A Comprehensive Guide to Python Data Visualization With Matplotlib and Seaborn

Every data scientist needs to know how to create data visualizations to communicate their research. Here’s a guide to getting started.
Headshot of author Sadrach Pierre
Sadrach Pierre
Expert Columnist
March 30, 2021
Updated: July 13, 2021
Headshot of author Sadrach Pierre
Sadrach Pierre
Expert Columnist
March 30, 2021
Updated: July 13, 2021

Data visualization is important for many analytical tasks including data summarization, exploratory data analysis and model output analysis. One of the easiest ways to communicate your findings with other people is through a good visualization. Fortunately, Python features many libraries that provide useful tools for gaining insights from data. The most well-known of these, Matplotlib, enables users to generate visualizations like histograms, scatterplots, bar charts, pie charts and much more.
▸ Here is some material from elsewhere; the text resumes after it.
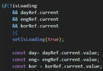 dayRef, engRef, korRef 의 current 3가지에서 하나라도 없다면, 하단의 코드는 실행되지 않는다.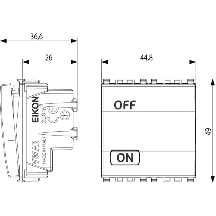 VIMAR SPA - VIW20016.2.B INTERRUTTORE 2P 20AX 2M BIANCO - 20016.2.B

Seaborn is another useful visualization library that is built on top of Matplotlib. It provides data visualizations that are typically more aesthetic and statistically sophisticated. Having a solid understanding of how to use both of these libraries is essential for any data scientist or data analyst as they both provide easy methods for visualizing data for insight. 

Data Visualization With Matplotlib and Seaborn

  • Data visualization is a key part of communicating your research to others. Whether via histograms, scatter plots, bar charts or pie charts, a good visualization helps unlock insights from your data. Fortunately, Python makes creating visualizations easy with Matplotlib and Seaborn.
  • Matplotlib is a library in Python that enables users to generate visualizations like histograms, scatterplots, bar charts, pie charts and much more.
  • Seaborn is a visualization library that is built on top of Matplotlib. It provides data visualizations that are typically more aesthetic and statistically sophisticated.
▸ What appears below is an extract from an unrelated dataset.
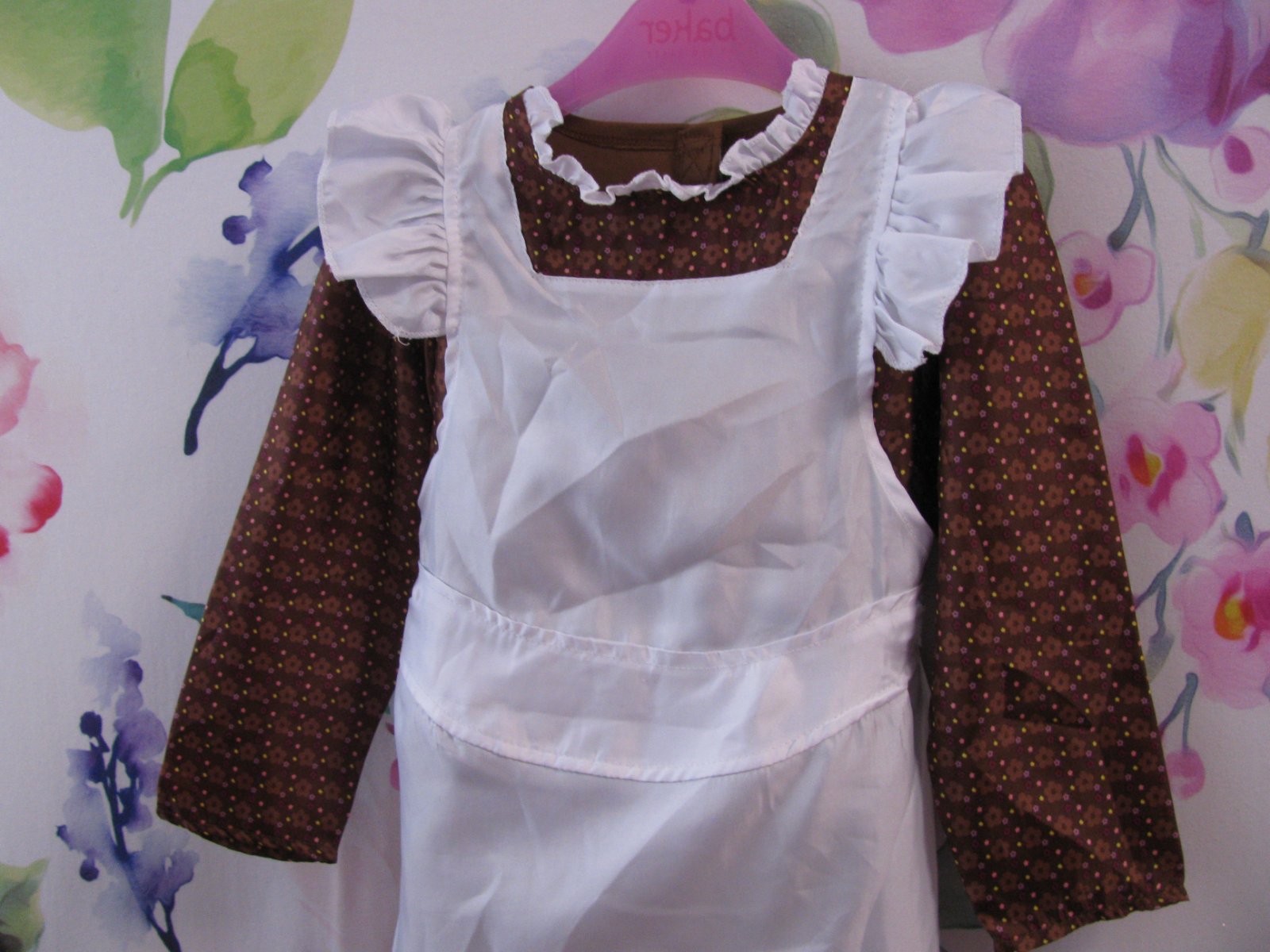 Krásné šaty s přišitou zástěrkou, v pase pružné do gumy, za krkem zap. na suché zipy, 100% polyester. Krásný stav bez vad.

More From Sadrach PierreA Comprehensive Guide to Scikit-Learn

 

Generating Histograms With Matplotlib

Matplotlib provides many out-of-the-box tools for quick and easy data visualization. For example, when analyzing a new data set, researchers are often interested in the distribution of values for a set of columns. One way to do so is through a histogram.

Histograms are approximations to distributions generated through selecting values based on a set range and putting each set of values in a bin or bucket. Visualizing the distribution as a histogram is straightforward using Matplotlib.

For our purposes, we will be working with the FIFA19 data set, which you can find here.

To start, we need to import the Pandas library, which is a Python library used for data tasks such as statistical analysis and data wrangling:

import pandas as pd 

Next, we need to import the pyplot module from the  Matplotlib library. It is custom to import it as plt:

import matplotlib.pyplot as plt 

Now, let’s read our data into a Pandas dataframe. We will relax the limit on display columns and rows using the set_option() method in Pandas:

df = pd.read_csv("fifa19.csv")

pd.set_option('display.max_columns', None)

pd.set_option('display.max_rows', None)

Let’s display the first five rows of data using the head() method:

print(df.head())
data-visualization-tutorial

We can generate a histogram for any of the numerical columns by calling the hist() method on the plt object and passing in the selected column in the data frame. Let’s do this for the Overall column, which corresponds to overall player rating:

plt.hist(df['Overall'])
data-visualization-tutorial

We can also label the x-axis, y-axis and title of the plot using the xlabel(), ylabel() and title() methods, respectively:

plt.xlabel('Overall')

plt.ylabel('Frequency')

plt.title('Histogram of Overall Rating')

plt.show()
data-visualization-tutorial

This visualization is great way of understanding how the values in your data are distributed and easily seeing which values occur most and least often.

 

Generating Scatter Plots With Matplotlib

Scatterplots are a useful data visualization tool that helps with identifying variable dependence. For example, if we are interested in seeing if there is a positive relationship between wage and overall player rating, (i.e., if a player’s wage increases, does his rating also go up?) we can employ scatterplot visualization for insight.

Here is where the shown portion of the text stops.